* **What to produce**
Go to the line below that contains "exploitant cinq autres". From there to the end of the records, reproduce each line exactly, except the pictures.

━━━━━ Material for this task ━━━━━

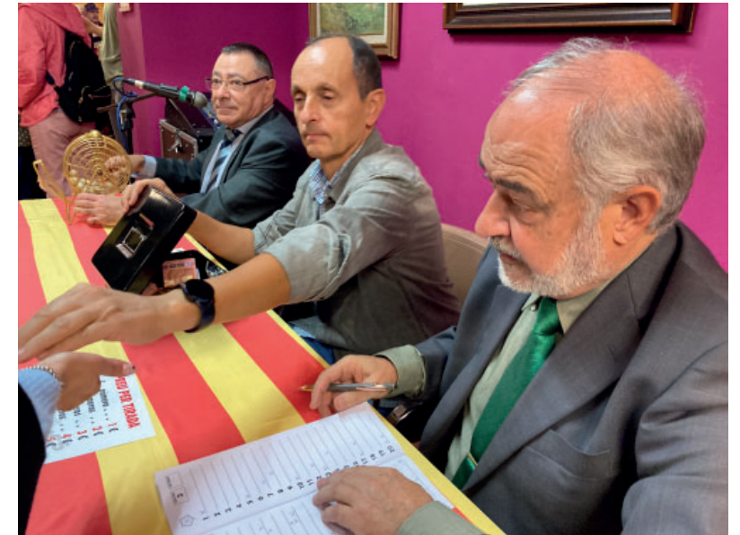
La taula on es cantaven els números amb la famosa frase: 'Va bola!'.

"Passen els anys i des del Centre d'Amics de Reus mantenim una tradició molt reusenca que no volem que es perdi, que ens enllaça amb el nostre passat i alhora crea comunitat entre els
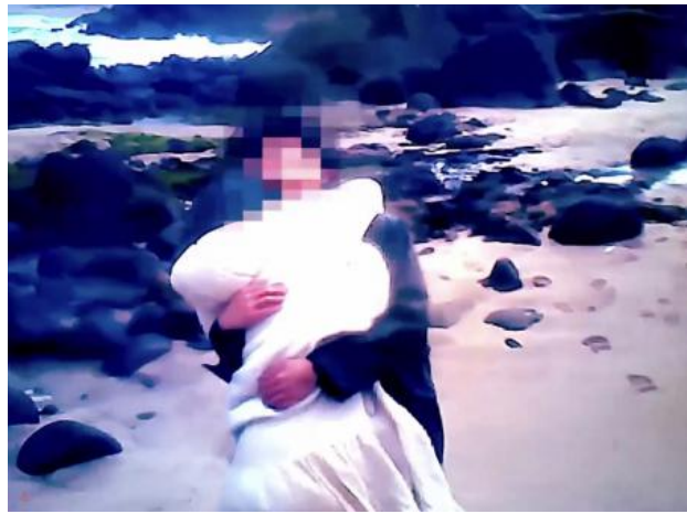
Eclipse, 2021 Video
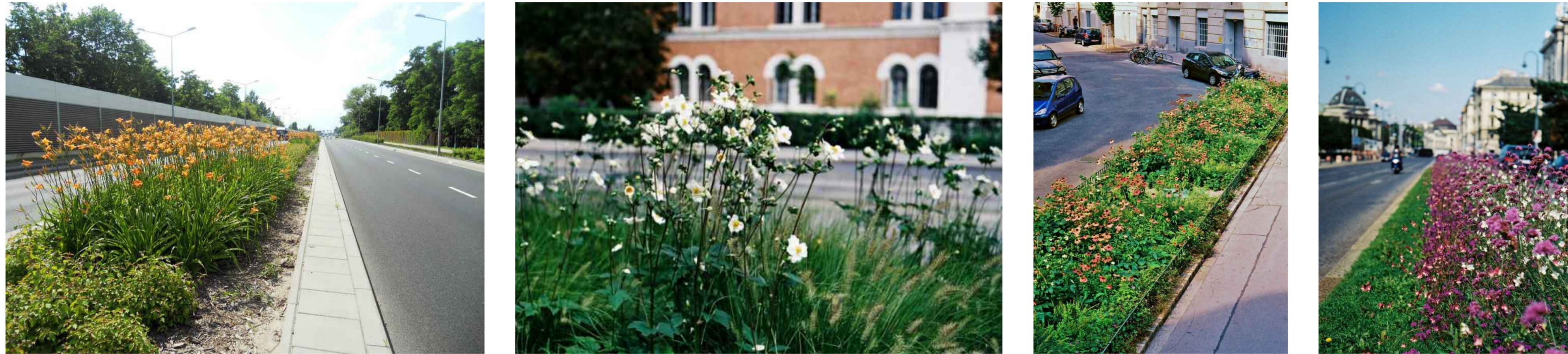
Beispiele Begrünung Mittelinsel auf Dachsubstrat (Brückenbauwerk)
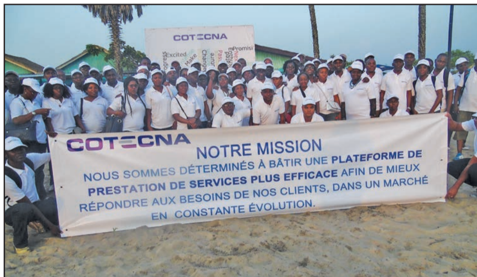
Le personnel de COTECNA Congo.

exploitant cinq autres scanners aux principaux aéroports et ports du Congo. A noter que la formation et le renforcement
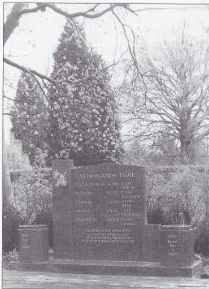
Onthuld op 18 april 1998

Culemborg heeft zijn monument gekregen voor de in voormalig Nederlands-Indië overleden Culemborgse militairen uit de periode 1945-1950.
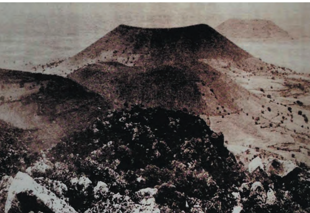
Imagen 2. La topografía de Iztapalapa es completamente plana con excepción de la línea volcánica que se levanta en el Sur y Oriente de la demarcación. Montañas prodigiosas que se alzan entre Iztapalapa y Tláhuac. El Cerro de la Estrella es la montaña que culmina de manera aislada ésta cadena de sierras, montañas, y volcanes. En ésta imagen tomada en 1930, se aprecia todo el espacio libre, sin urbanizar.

━━━━━

* **Response area**
exploitant cinq autres scanners aux principaux aéroports et ports du Congo. A noter que la formation et le renforcement
Onthuld op 18 april 1998

Culemborg heeft zijn monument gekregen voor de in voormalig Nederlands-Indië overleden Culemborgse militairen uit de periode 1945-1950.
Imagen 2. La topografía de Iztapalapa es completamente plana con excepción de la línea volcánica que se levanta en el Sur y Oriente de la demarcación. Montañas prodigiosas que se alzan entre Iztapalapa y Tláhuac. El Cerro de la Estrella es la montaña que culmina de manera aislada ésta cadena de sierras, montañas, y volcanes. En ésta imagen tomada en 1930, se aprecia todo el espacio libre, sin urbanizar.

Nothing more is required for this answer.